AO Edited
New Mexico Mystery Stone
On the side of a remote mountain, a stone face bearing an inscription of mysterious origin.
The Mystery Stone, also known as the Decalogue Stone, is located on a mountain in the remote desert of West-Central New Mexico. The stone face bears an inscription written in what some believe to be an extinct language, alternately identified as a form of Paleo-Hebrew or as Cypriotic Greek.
The stone was first acknowledged in literature in 1933 by famous New Mexico archaeologist Frank Hibben, who wrote of encountering the stone on a guided tour by an individual who claimed to have first discovered the stone in the 1880’s. The inscription’s alleged existence in the late 1800’s would place the inscribing before the modern scientific rediscovery of both Paleo-Hebrew and Cypriotic Greek. However, the inscription may well be Phoenician, a script well known at the time.

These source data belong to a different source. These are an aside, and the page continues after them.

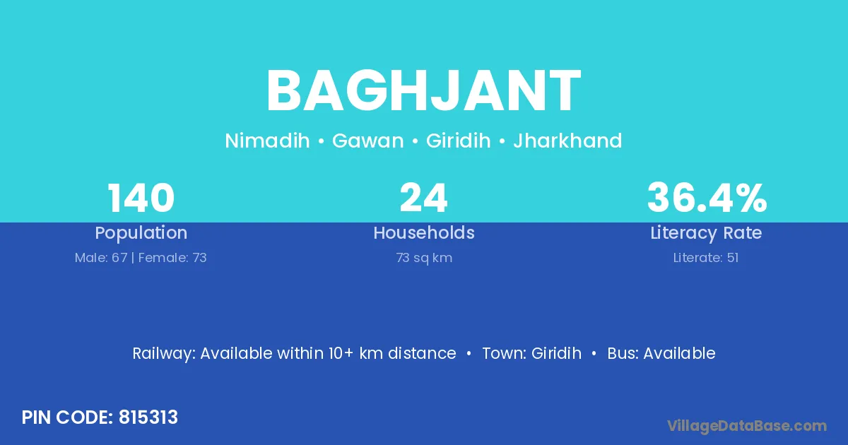 Baghjant village has a total population of 140 people, of which 67 are males and 73 are females.
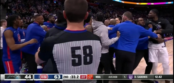 这时候工作人员以及教练员都想试图拉开双方球员距离,以避免冲突升级,但是情绪激动的球员都不愿意退去,双方球员嘴上还展开着骂战,场面一度十分的混乱,好在魔术球员最终还是将瓦格纳从活塞的替补席给解救了出来。
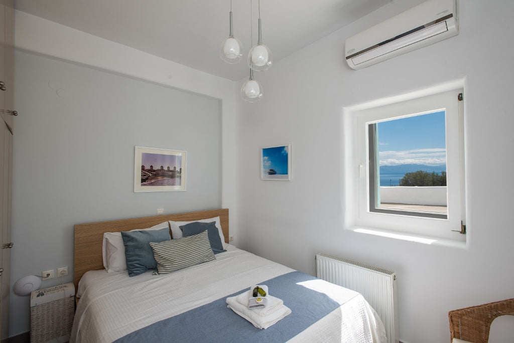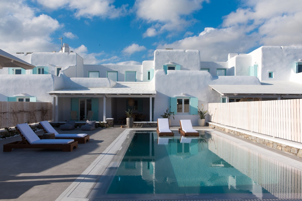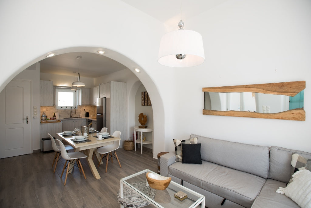 Villa Gold, with its Cycladic designed interiors is the perfect choice for guests wanting to experience all that Mykonos offers. For guests wanting to relax and enjoy the private outdoor space basking in the sunshine on poolside sun loungers or gathering under the outdoor lounge under the pergola. Guests can enjoy dining and socializing outdoors around the oversized live edge dining table while overlooking their private pool.
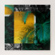quebra-cabeça de quebra-cabeça quadrada desafiante para adultos apresenta quadrados amarelos rústicos de ouro aninhados em um padrão tropical de cinza com grandes folhas verdes de palmeira sobre ele.
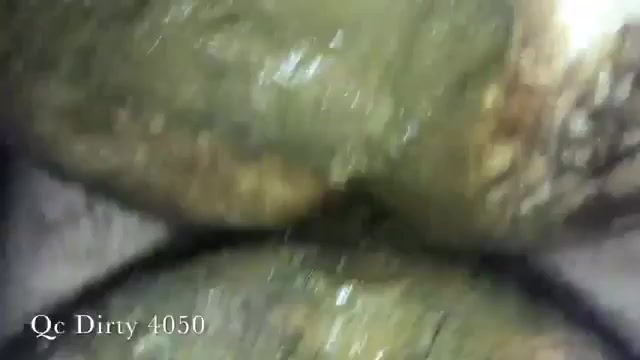 Chubby babe covered her entire body with green shit. She gets fucked hard from behind.
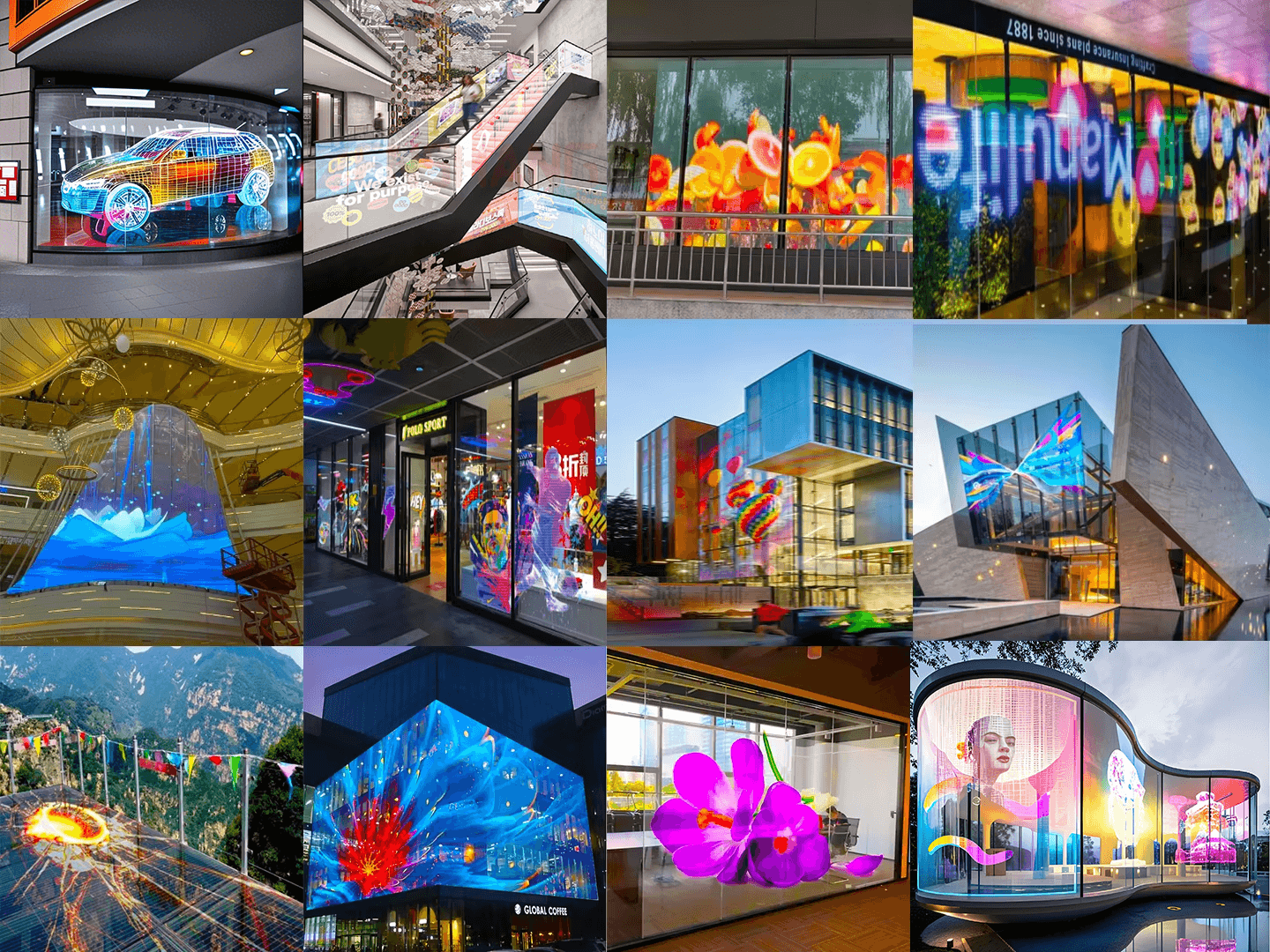 ●A winkelketen in Afrikainstalleerde transparante LED-folies op meerdere winkelpuien, wat voor dynamische beelden zorgde en tegelijkertijd daglicht behield.
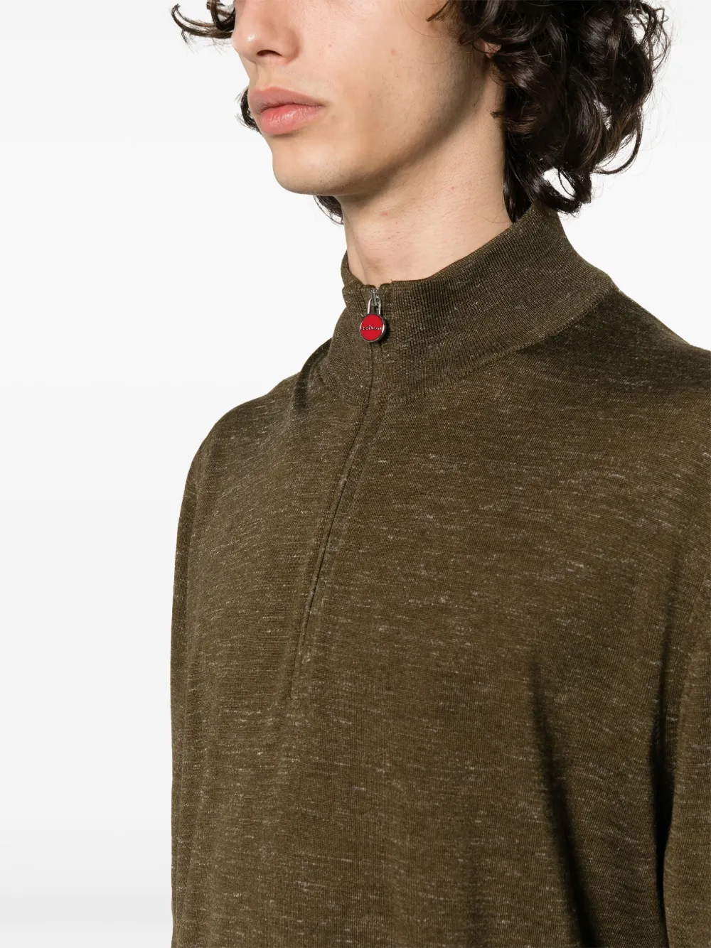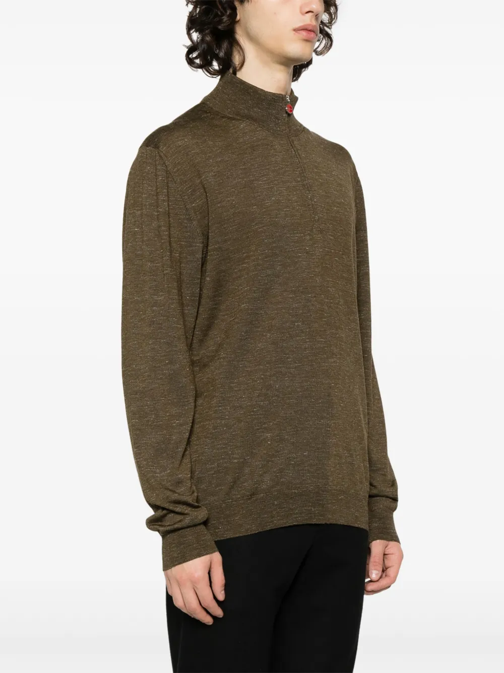 Меланжевый джемпер с высоким воротником Kiton, зеленый
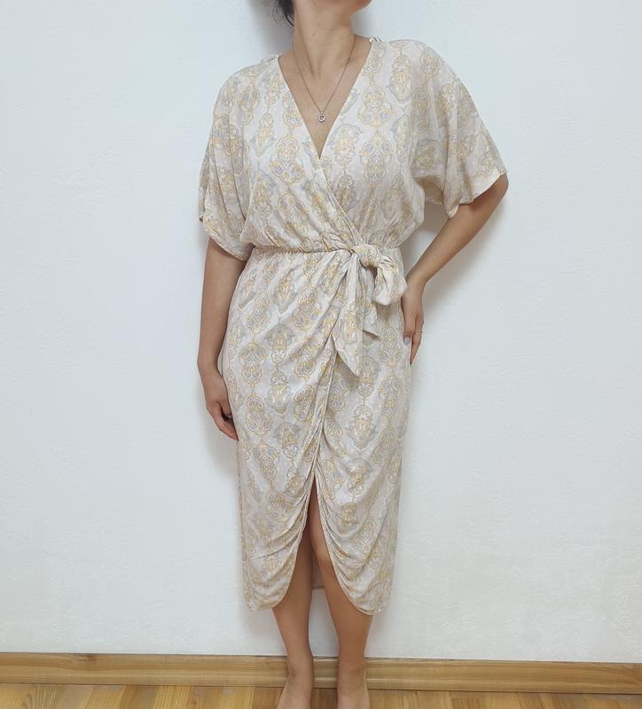 Легка віскозна сукня від всім відомого бренду Pull&Bear. Виготовлена вона з якісної 100% віскози: легка, м'яка, вкрай ніжна та приємна до тіла, з шорохуватою текстурою, не просвічує. Сукня має цікавий крій, який дещо перегукується з стилістикою 1930-х років: об'ємний верх, розслаблена лінія плечей, окреслена лінія талії, приталена спідничка з імітацією запаху. Для даної речі підібрали цікавий принт в східні мотиви і приглушили його кремово-бежевою кольоровою гамою. Комфортна і цікава річ для зручних образів. Розмір: на бірці вказаний розмір М, та гарно сяде на S-L. Заміри: ПОГ - 45 см, ПОТ - 28-47 см (за рахунок резинки), ПОБ - 47 см, низ - 45 см, довжина - 119 см, довжина рукава від ворота - 35 см, ширина рукава - 44 см, довжина зав'язок - по 33 см. Склад: 100% віскоза. Параметри моделі: ОГ - 84 см, ОТ - 68 см, ОБ - 96 см. Зріст - 170 см.
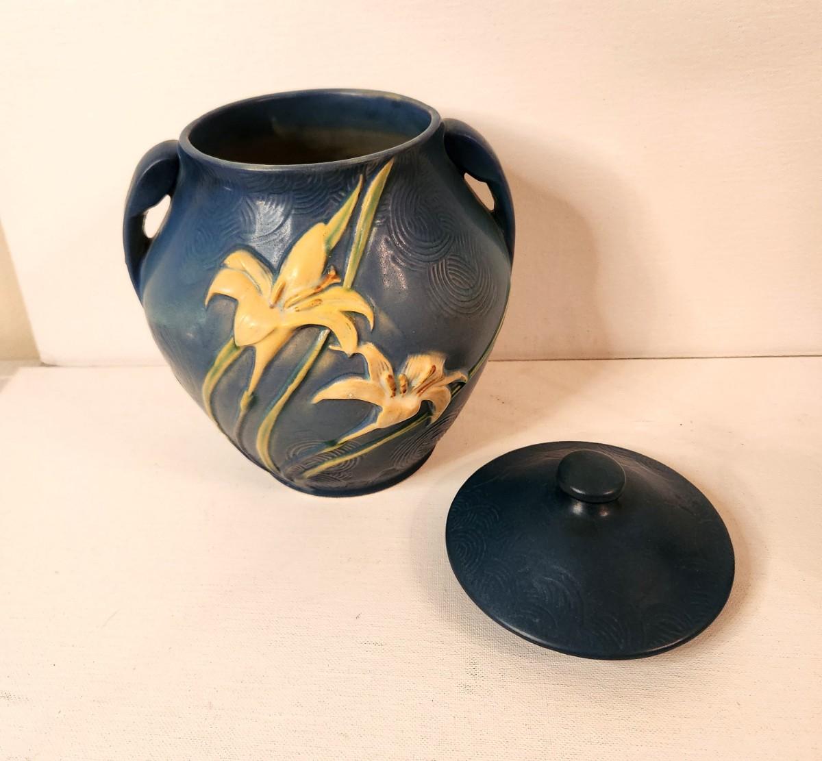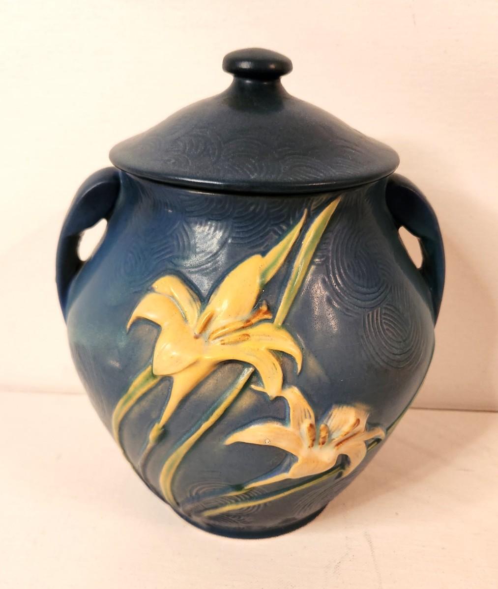 Lot #133 Roseville Pottery - Cookie Jar in the Zephyr Lily Pattern - great condition
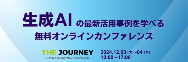 RX Japan株式会社(本社:東京都中央区、代表取締役社長:田中 岳志)は2024年12月3日[火]~4日[水]の2日間、オンラインカンファレンス『THE JOURNEY Presented by NexTech Week』を開催します。
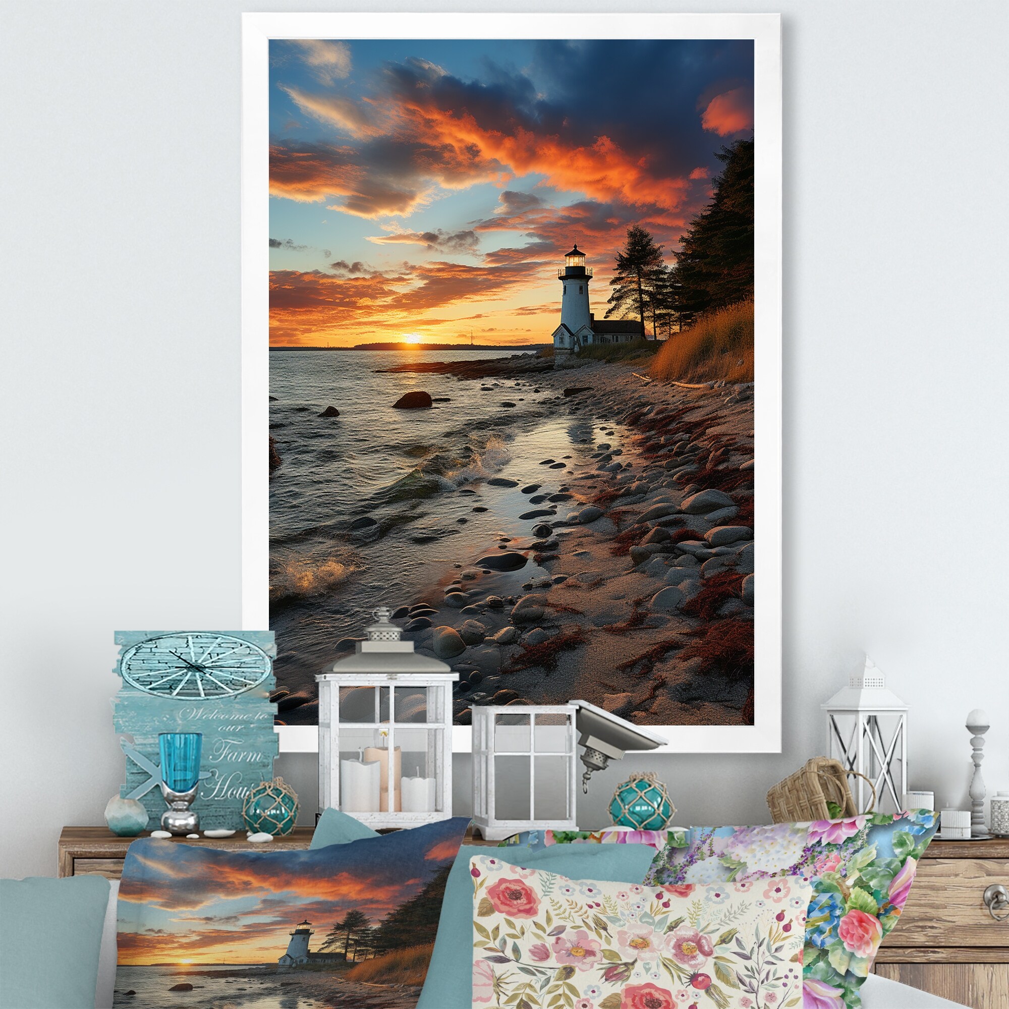 Designart "Rhode Island Landscape" Rhode Island Framed Wall Art Living Room
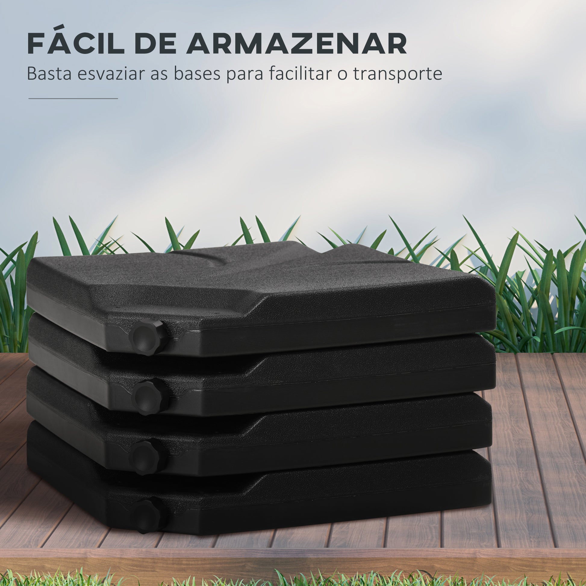 Procura uma base resistente e estável para o seu chapéu de sol? Apresentamos a base para chapéu de sol em preto, com medidas de 103x103x8,3 cm, ideal para jardim, pátio ou terraço.
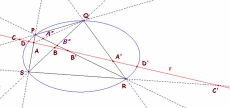pares de lados opuestos de un cuadrivértice PQRS son cortados por cualquier línea r que no
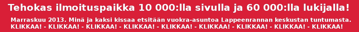 Nettisanomat 2013 - Minä ja kaksi kissaa etsitään vuokra-asuntoa Lappeenrannan keskustan tuntumasta. - Nettisanomat - Sanomanetti - 12.fi - marraskuu 2013 - Nettisanomat - Sanomanetti - Blogi: Viikkosanomat.fi - Kuvasanomat - Sanomatori - Viikkosanomat - Härkää sarvista - |
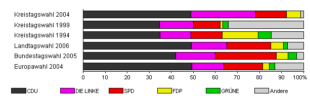 | Kreistagswahl 2004 | 56,6 | 49,0 | 29,3 | 13,9 | 6,4 | x | 1,4 | |
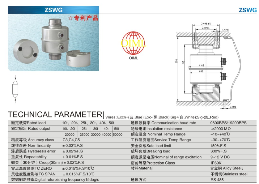 柯力 ZSW-D型FB-40t稱重傳感器型號類別技術(shù)參數(shù)選型安裝等資料信息,如果有關(guān)
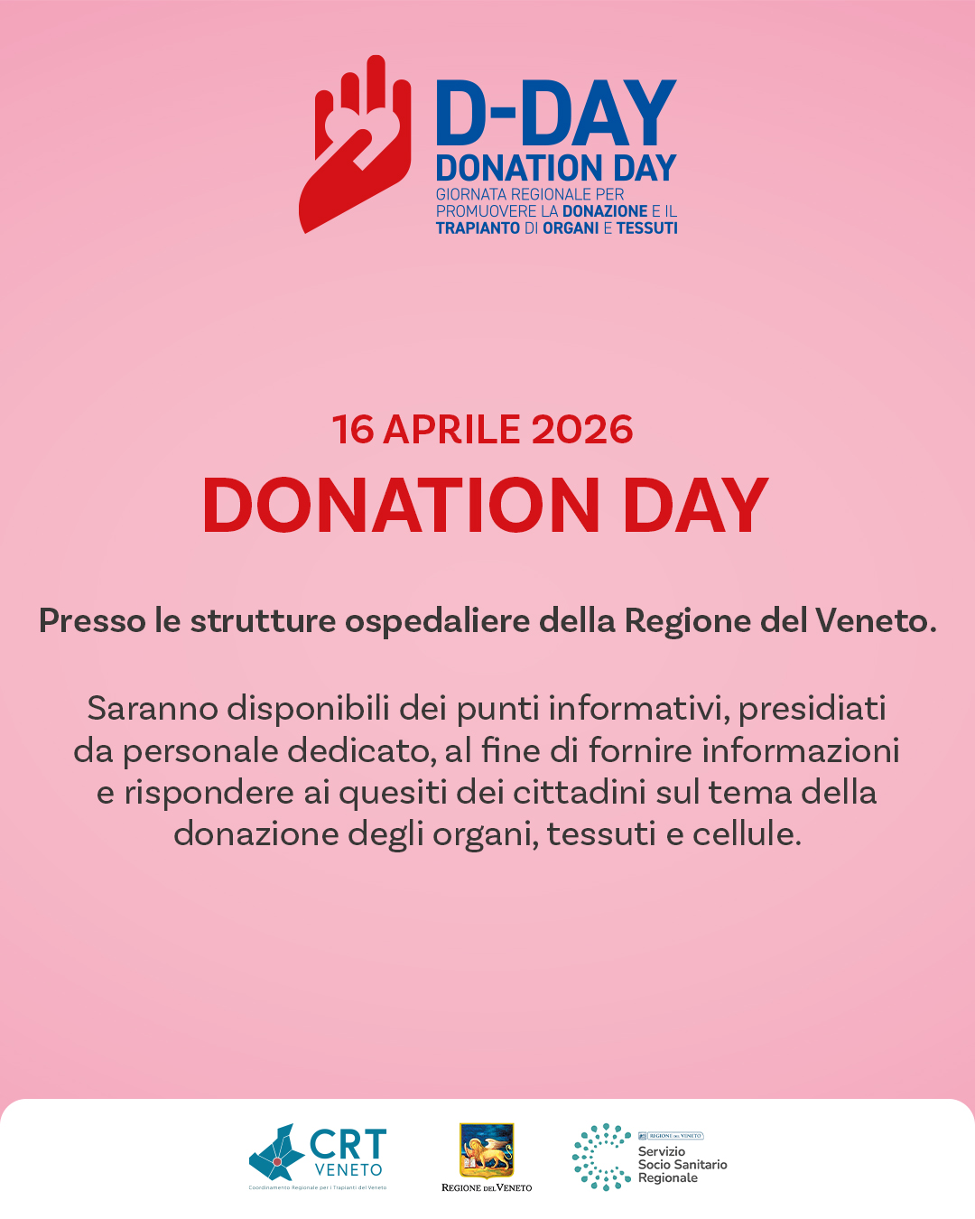 Giovedì 16 aprile sarà il 'Donation Day' in tutti gli ospedali veneti. Anche in Azienda. Appuntamento per l'intera giornata nel Chiostro del Giustinianeo con il coordinamento del dott. Demetrio Pittarello, direttore CRT.

Proponents of the inscription being in Paleo-Hebrew claim that it is a record of the Judeo-Christian Ten Commandments, based on a 1949 translation by Harvard scholar Robert Pfeiffer. In 1979, a University of New Mexico epigrapher named Dixie Perkins put forth the theory of the inscription as Cypriotic Greek, used around 500 BC in the Mediterranean region. In Perkins’ translation, the stone reads as a report from an explorer or warrior named Zakyneros, who has become isolated in the wilderness and now struggles to survive.
Many others however, believe the stone to be a hoax perpetrated by Hibben himself, much of whose work has been shown to have been fabricated to show support for the idea of ancient pre-Colombian contact, and even for pre-Clovis peoples in North America. A number of the other people involved in dating and examining the stone also have connections to academically questionable figures such as Barry Feel, another proponent of ancient pre-Columbian contact theories, thus calling much of the examination of the stone into question.
The stone can be accessed via a short hike from the highway. No interpretative materials are featured at the site.